Stress may just kill us more directly than we've suspected, instead of through
its physiological effects like e.g. elevated blood pressure and the effects
from that.

------
dana321
Something interesting i found.

Magnesium attenuates the release of norepinephrine on the nerve cells (as
mentioned in the article, its norepinephrine that causes the greying)

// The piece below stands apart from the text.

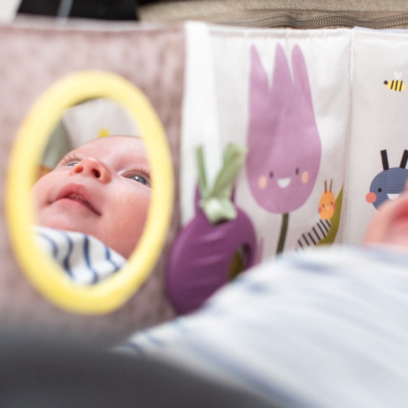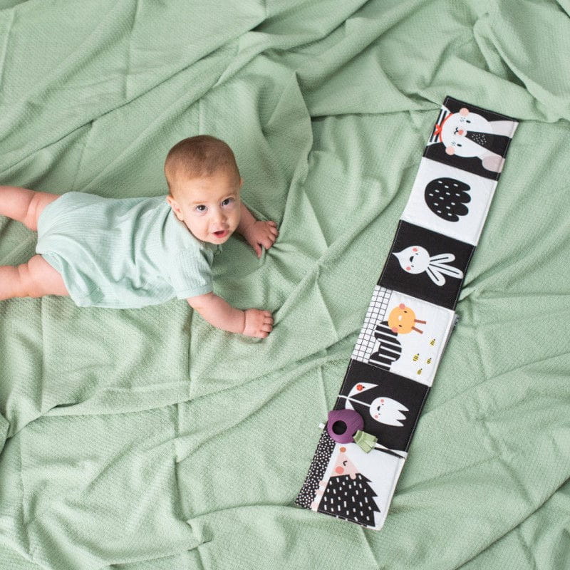 Zawiera bezpieczne dla dziecka lusterko, szeleszczące strony, sensoryczne tekstury i burakowy gryzak.

[https://www.ncbi.nlm.nih.gov/pubmed/15477382](https://www.ncbi.nlm.nih.gov/pubmed/15477382)

Its also known that during stressful situations, including extreme exercise,
magnesium is depleted and excreted in urine.

[https://www.ncbi.nlm.nih.gov/books/NBK507250/](https://www.ncbi.nlm.nih.gov/books/NBK507250/)

[https://www.ncbi.nlm.nih.gov/pubmed/17172008](https://www.ncbi.nlm.nih.gov/pubmed/17172008)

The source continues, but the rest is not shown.